Stored dataset items:
+++++
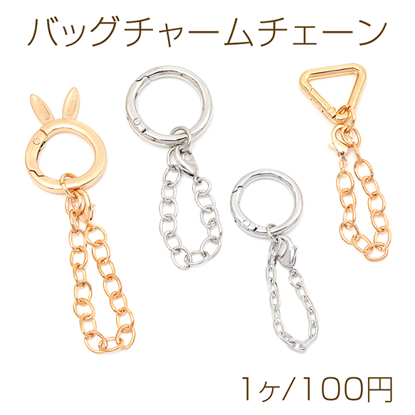 バッグチャームチェーン キーチェーン うさぎカン 三角カン 丸カン チェーンストラップ キーホルダー(1本)
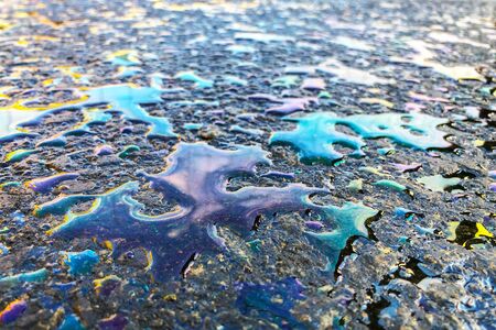Oil stain on Asphalt, color Gasoline fuel spots on Asphalt Road as Texture or Background. Soft focus
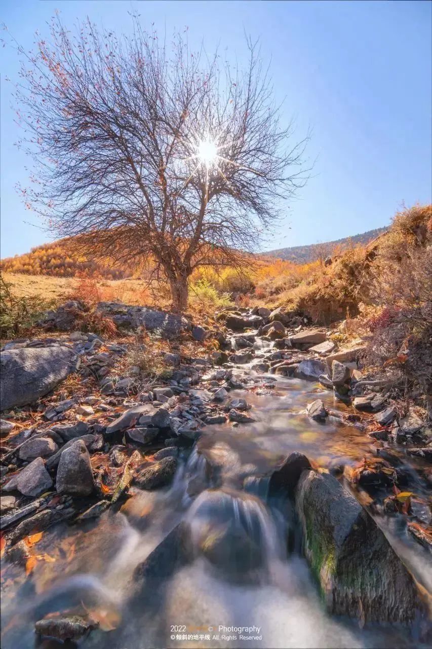 老蛙FFII 12 - 24mm F5.6 C - Dreamer给我留下很深的印象是他的星芒,非常锐利和工整,使用得当往往是图中的点睛之笔。在川西自驾的路上看到远处这棵小树造型特别喜欢,前面一条溪流可以作为前景,用树枝遮住部分太阳,镜头把他变成星芒,整个画面就生动起来。
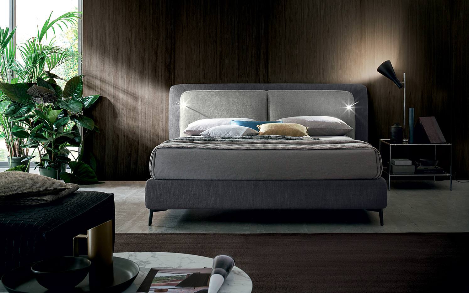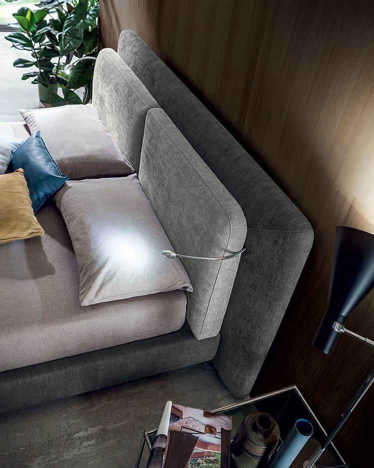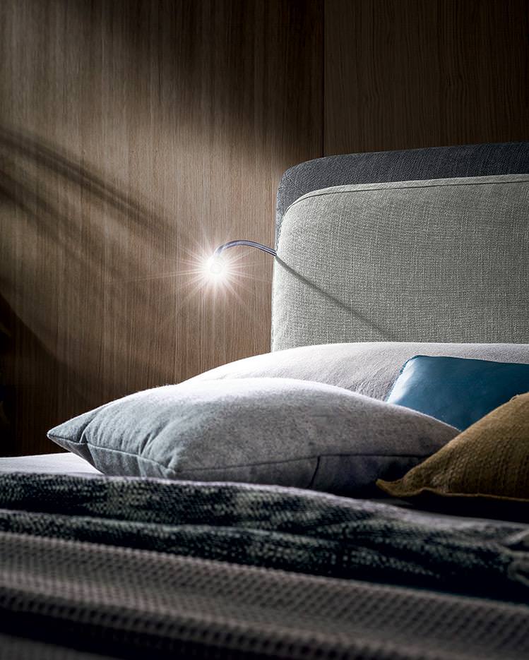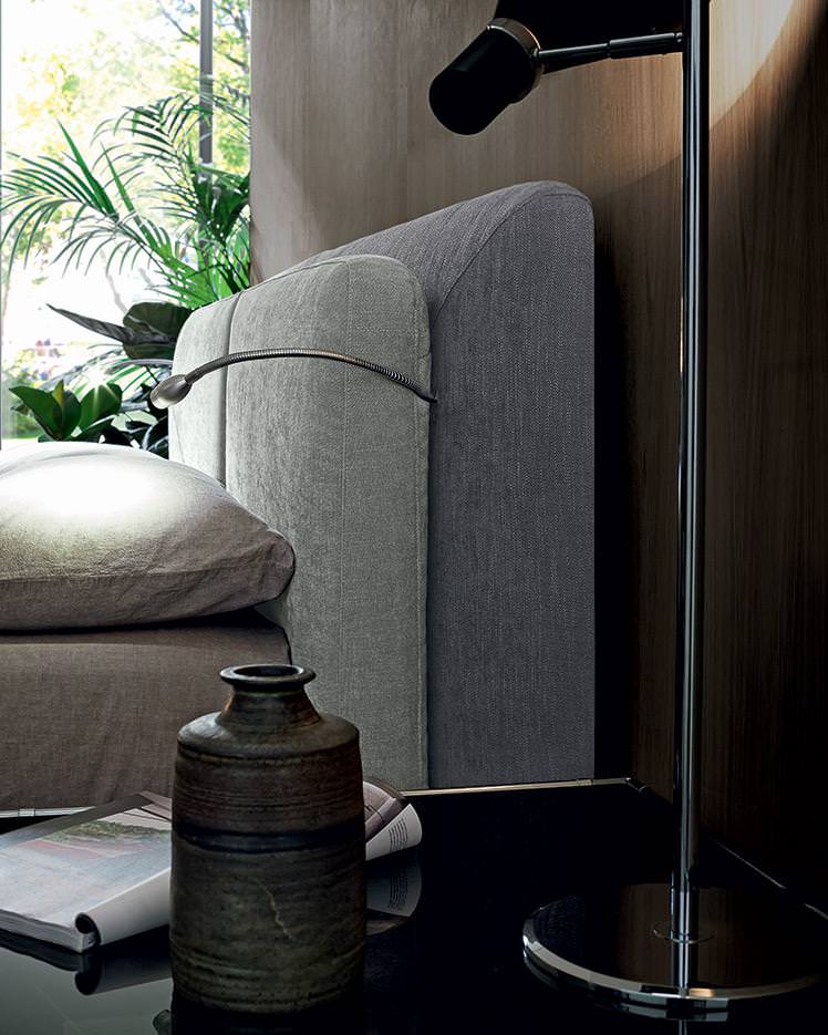 Super soft, comfortable lines. Penny gives you the option to install a tilting LED reading light on the headboard, a convenient practical accessory when you want to relax in the evening with a good book. Penny’s aesthetics are interpreted through softness, with the generously padded headboard enhancing the sense of cosiness.
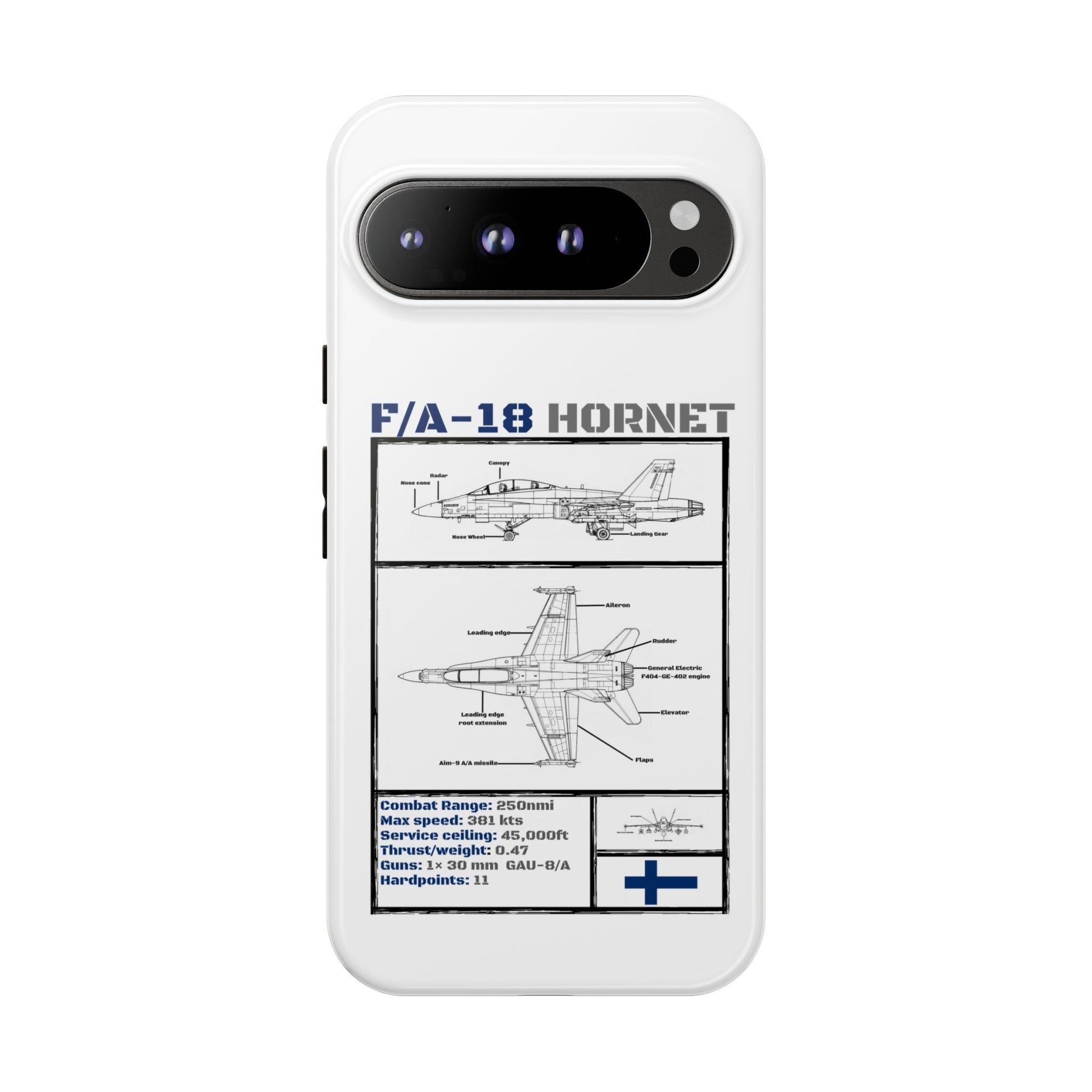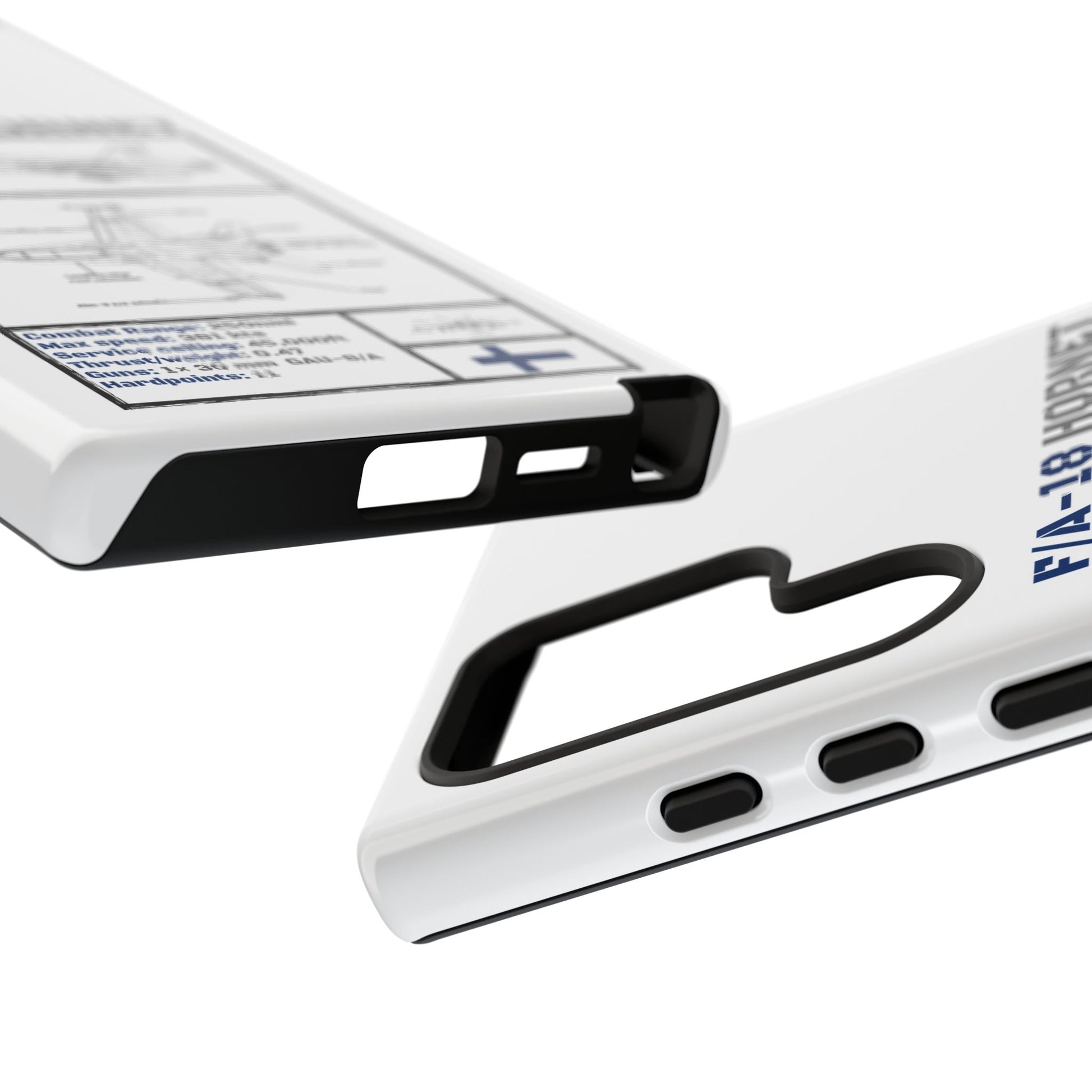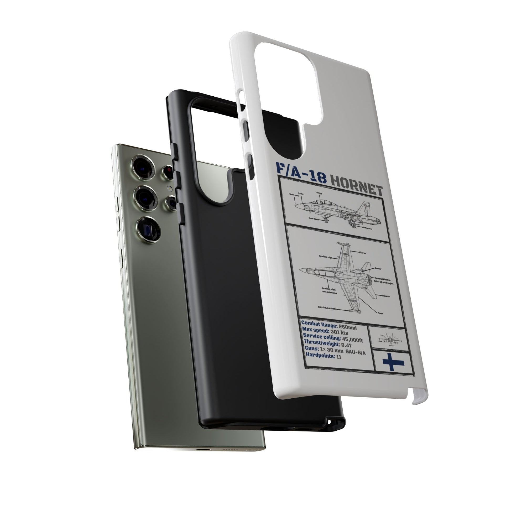 FAF Introducing the Blackbird Cases F/A-18 Schematic Edition—a sleek, high-performance phone case designed for aviation enthusiasts, by aviation enthusiasts. The detailed schematic of the iconic F/A-18 showcases its engineering brilliance, including key stats like top speed, G-limit, and max altitude.
+++++
Work order –
The data above holds the lines to copy: start at the one with "Oil stain on", stop at the one with "老蛙FFII 12 - 24mm", include both, copy them exactly without pictures, and copy nothing else.

Answer below –
Oil stain on Asphalt, color Gasoline fuel spots on Asphalt Road as Texture or Background. Soft focus
 老蛙FFII 12 - 24mm F5.6 C - Dreamer给我留下很深的印象是他的星芒,非常锐利和工整,使用得当往往是图中的点睛之笔。在川西自驾的路上看到远处这棵小树造型特别喜欢,前面一条溪流可以作为前景,用树枝遮住部分太阳,镜头把他变成星芒,整个画面就生动起来。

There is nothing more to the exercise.